Spark源碼-Executor 源碼解析

Executor 源碼解析

Executor 是幹嘛的

處理任務的執行器，是一個JVM進程，是一個以線程池實現的運行 Task 的進程。看一下官網和代碼註釋對 Executor 的說明

官網介紹

A process launched for an application on a worker node, that runs tasks and keeps data in memory or disk storage across them. Each application has its own executors.

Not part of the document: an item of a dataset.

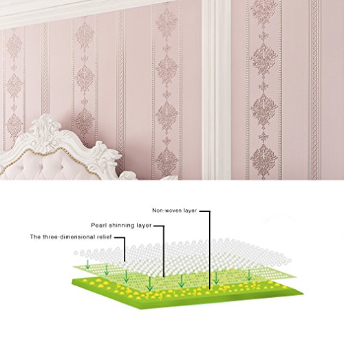 KINLO DIY 壁紙 3D立体 ヨーロピアンスタイル 壁の装飾 高品質の不織布 接着剤必要 0.53M×10M(1ロール) カラー:ピンク

Executor 代碼註釋：Spark執行器，由線程池支持以運行任務。可以與Mesos、YARN和 standalone 調度程序一起使用。內部RPC接口可以與驅動程序通信，但不支持 Mesos細粒度模式

Spark executor, backed by a threadpool to run tasks.
This can be used with Mesos, YARN, and the standalone scheduler.
An internal RPC interface is used for communication with the driver,except in the case of Mesos fine-grained mode.

Executor

主要調用棧

CoarseGrainedExecutorBackend

CoarseGrainedExecutorBackend#receive() :由 LaunchTask 類型的消息觸發，以及 KillTask 類型的消息觸發

  override def receive: PartialFunction[Any, Unit] = {
    case LaunchTask(data) =>
      if (executor == null) {
        exitExecutor(1, "Received LaunchTask command but executor was null")
      } else {
        val taskDesc = TaskDescription.decode(data.value)
        logInfo("Got assigned task " + taskDesc.taskId)
        executor.launchTask(this, taskDesc)
      }

    case KillTask(taskId, _, interruptThread, reason) =>
      if (executor == null) {
        exitExecutor(1, "Received KillTask command but executor was null")
      } else {
        executor.killTask(taskId, interruptThread, reason)
      }
  }

LocalEndpoint

LocalEndpoint#receive ：由 KillTask 類型的消息觸發

    case KillTask(taskId, interruptThread, reason) =>
         executor.killTask(taskId, interruptThread, reason)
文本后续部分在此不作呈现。